MAXVAR GCCA finds a representation that maximizes total squared correlation between an auxilliary variable and possible rank- $r$ linear transformations/distortions of the data. (This is Carroll's starting point)
MAXVAR GCCA of rank $r$ finds an orthogonal representation $G$ that minimizes the total squared distance from rank- $r$ subspace spanned by the data points available in different views. ((Sengupta, 1983) reports that it was (Coelho, 1992) who first gave this "geometric" interpretation.)¹
There are two other closely related motivations that lead to the same solution:

a. MAXVAR GCCA finds projections of the data that make the inter projection correlation matrix as close to a rank 1 matrix as possible (This was how (Horst, 1961) derived MAXVAR GCCA )

b. MAXVAR GCCA finds projections of the data that maximize the highest eigen value of the inter projection correlation matrix. (This was the Interpretation that (Kettenring, 1971) gave. In his paper he basically unified 4-5 different types of GCCA as optimizations of different measures of the inter-correlation matrix. This was why he worded rephrased Horst's criteria like this)

Now the trouble is that even though the above statements are simple to read they are woefully imprecise. What is "inter projection correlation matrix"? What is "total squared distance"? What does it mean that a matrix is "as close to a rank 1 matrix" as possible? ² To really understand how all these criteria can have the same solution we need precise notation.

Notation Matrix	Random variable	Unknown constant	Known constant	Other Types	Examples
Scalar	(rs) $ x $	(us) $ \us{x} $	(ks)$ \ks{x} $	Sets 1	$ \mathbb{R} $
Vector	(rv) $ \rv{x} $	(uv) $ \uv{x} $	(kv) $ \kv{x} $	Sets 2	$ \mathcal{S} $
Matrix\Tensor	(rm) $ \rm{X} $	(um) $ \um{X} $	(km) $ \km{X} $

Let us look at Carroll's original criteria (Motivation 1)

Imagine that we have $ \ks{J} $ random variables $ \rv{x}_j \; j \in [1, \ldots, \ks{J}]$ all of which have zero mean.
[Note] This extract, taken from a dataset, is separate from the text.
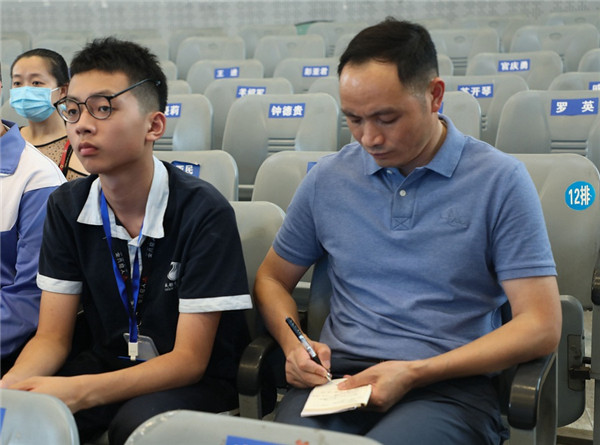 廖常竣主任以“走进中考”为主题,结合当前中考形势及要求,介绍了年级在教育教学上的管理措施。他从快速收心、精心思考、积极适应、沉着冷静四个方面对同学们提出建议与要求,让学生及家长们对中考有了更深入地了解,增添了动力与信心。

We want to find a single scalar linear projection $ \rs{z}_j $ of each data source, i.e.

$\exists \uv{u}_j \in \mathbb{R}^{\ks{d}_j}: \rs{z}_j = \rv{x}_j \cdot \uv{u}_j$

and some "auxilliary" mean-zero random variable $ \rs{g} $ such that $ \rs{g} $ and $ \rs{z_j} $ have as high total squared correlation as possible. I.e. we maximize \eqref{eq:carroll}:

$\begin{align} \sum_{j=1}^{\ks{J} } \text{correlation}(\rs{g}, \rs{z}_j)^2 \label{eq:carroll} \end{align}$

At first sight it is not obvious why \eqref{eq:carroll} is a good objective. It has some redeeming qualities such as the fact that it is constraining the auxiliary variable to correlate well with any linear projection of the data. So there is some flexibility in the model but not too much. But what if we want to correlate more with one of the data sources ? One could easily add some multiplicative weights to this criteria to get some more flexibility. Would that be enough ? Probably not. We will further analyze criteria \eqref{eq:carroll} later on, for now lets do the optimization.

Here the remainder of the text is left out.